**Data for the task:**
=== Section Start ===
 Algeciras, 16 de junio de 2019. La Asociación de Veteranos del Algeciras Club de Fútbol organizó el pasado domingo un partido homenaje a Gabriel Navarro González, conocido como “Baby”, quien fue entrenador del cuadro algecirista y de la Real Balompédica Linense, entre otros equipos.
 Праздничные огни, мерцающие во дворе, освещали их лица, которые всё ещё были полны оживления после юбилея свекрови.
=== Section End ===
=== Section Start ===
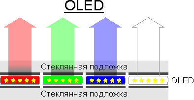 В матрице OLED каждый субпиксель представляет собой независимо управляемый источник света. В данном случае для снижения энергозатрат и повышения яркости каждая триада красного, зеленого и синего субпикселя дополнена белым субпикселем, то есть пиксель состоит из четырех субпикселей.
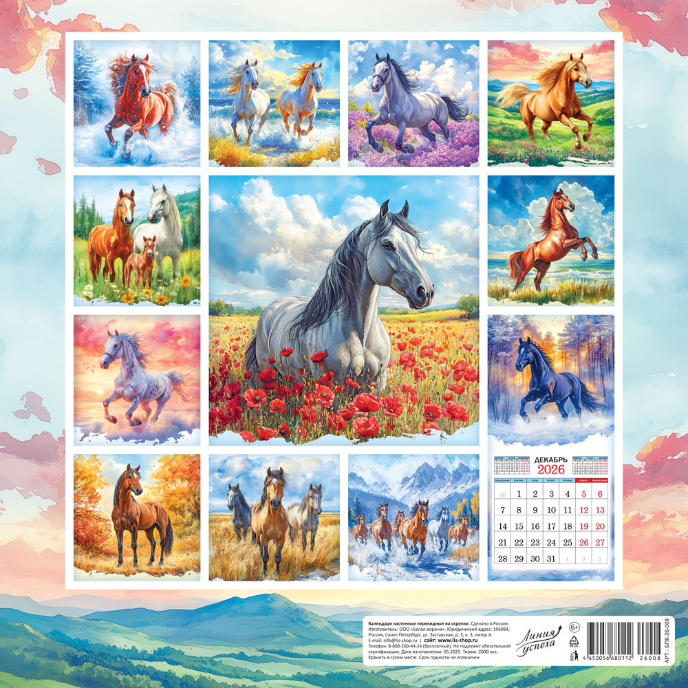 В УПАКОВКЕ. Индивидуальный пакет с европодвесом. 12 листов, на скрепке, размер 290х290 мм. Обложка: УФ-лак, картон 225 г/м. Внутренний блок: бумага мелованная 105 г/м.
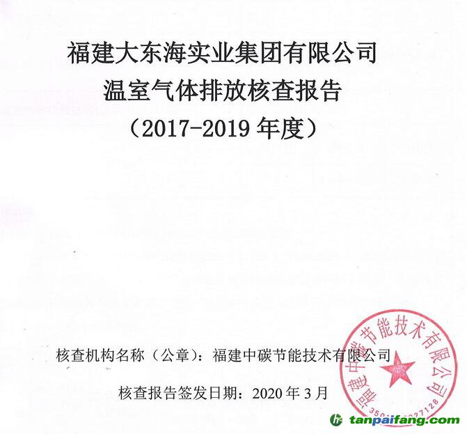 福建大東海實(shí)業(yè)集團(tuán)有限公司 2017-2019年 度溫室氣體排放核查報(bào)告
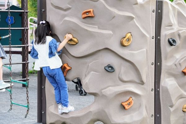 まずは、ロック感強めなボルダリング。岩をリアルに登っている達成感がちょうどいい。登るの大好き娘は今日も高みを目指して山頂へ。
=== Section End ===
What are the lines above from the one with "В матрице OLED" to the one with "まずは、ロック感強めなボルダ", both included? Reproduce them exactly, without pictures.

**Response for this exercise:**
 В матрице OLED каждый субпиксель представляет собой независимо управляемый источник света. В данном случае для снижения энергозатрат и повышения яркости каждая триада красного, зеленого и синего субпикселя дополнена белым субпикселем, то есть пиксель состоит из четырех субпикселей.
 В УПАКОВКЕ. Индивидуальный пакет с европодвесом. 12 листов, на скрепке, размер 290х290 мм. Обложка: УФ-лак, картон 225 г/м. Внутренний блок: бумага мелованная 105 г/м.
 福建大東海實(shí)業(yè)集團(tuán)有限公司 2017-2019年 度溫室氣體排放核查報(bào)告
 まずは、ロック感強めなボルダリング。岩をリアルに登っている達成感がちょうどいい。登るの大好き娘は今日も高みを目指して山頂へ。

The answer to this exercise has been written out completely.